Similarly at this very moment we’re working on some more improvements to the downloading system for both manual downloads and downloads through NMM. Right now, if one of the file servers has hiccupped it can be a real pain in the ass trying to download something. These hiccups generally only last for minutes at a time, but during that minute it can make it hard to download any files, especially small files. With that in mind, we’re going to present the file server selection screen on all files now, irrespective of size. If a file server is down, you can quickly select another one to use. We’re also trying to implement a seamless redirect system incase you choose a file server that isn’t working for whatever reason.
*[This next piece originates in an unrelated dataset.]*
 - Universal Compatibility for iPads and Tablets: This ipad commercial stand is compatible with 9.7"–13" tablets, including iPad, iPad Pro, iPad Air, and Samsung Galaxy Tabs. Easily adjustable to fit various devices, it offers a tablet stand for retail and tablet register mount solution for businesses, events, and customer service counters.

If the file server you choose isn’t working, the site will simply try another one until it finds a file server that is working. You won’t really notice a difference (except far fewer, or no errors at all!), although if you typically get fast speeds on only one or two servers you might get slower speeds as your download might be served from a different file server from the ones you normally pick, if they’re down.
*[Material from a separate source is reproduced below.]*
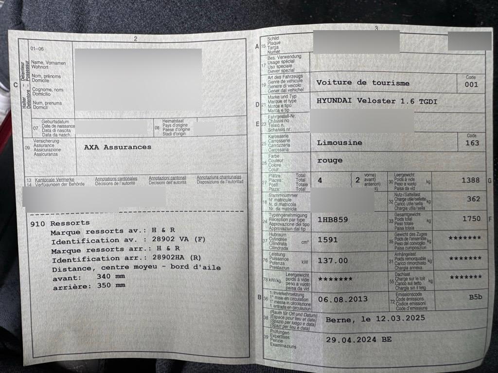 | Fahrzeugausweis | Vorhanden |

This concept of seamlessly being moved to a server that works is very similar to our plans with the sites and servers in general. Right now, if there’s a hardware or network failure on one of the servers a Nexus site is on, that Nexus site becomes unavailable. Once our full clustering solution is done we’ll have a load balanced, redundant solution that means all sites are being served from all servers. If one server goes down, the other servers pick up the strain but the sites still work. It reduces the bottlenecks and also reduces our single point of failure problems. And finally, clustering restores the status quo by making “buy more servers” the viable solution to our strained server issues. If the network needs more power you just tack another server in to the cluster and you’ve boosted the resources available to the network. That’s not possible with the current system. So for me, this is quite exciting. For you, it’s more like “I don’t care, just make it work”.
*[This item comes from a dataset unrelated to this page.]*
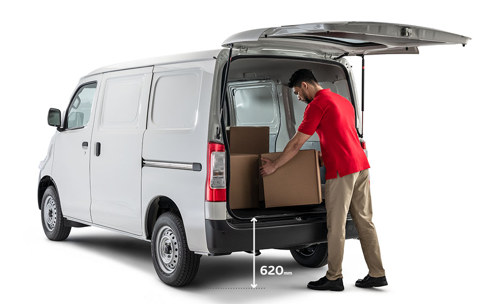 The design with a floor to ground height of 620mm reduces the burden when loading or unloading heavy cargo items. Ample cargo space height is provided to enable easy loading of taller items.

I think I’ve gone on for long enough now. When I wrote my blog piece on Nexus development and expansion philsophy
I was interested when I got a lot of emails and messages from people who were surprised I thought that hard about the process. I like to use these blog pieces to indeed show you that yes, I don’t just sit around all day watching stocks go up and down on my monitors and playing DotA 2, but I think pretty damn hard about this network. The choices I make aren’t just knee-jerk “oh, I guess we’ll just do that then” solutions but plans that have been made out and expanded upon over a long period of time in consultation with others. We’ve wanted to do server clustering for years now (indeed, I mentioned it in that first YouTube video I did), but we’ve only now been in a position to actually afford it. And that’s why I’m excited, even though the topic is pretty boring.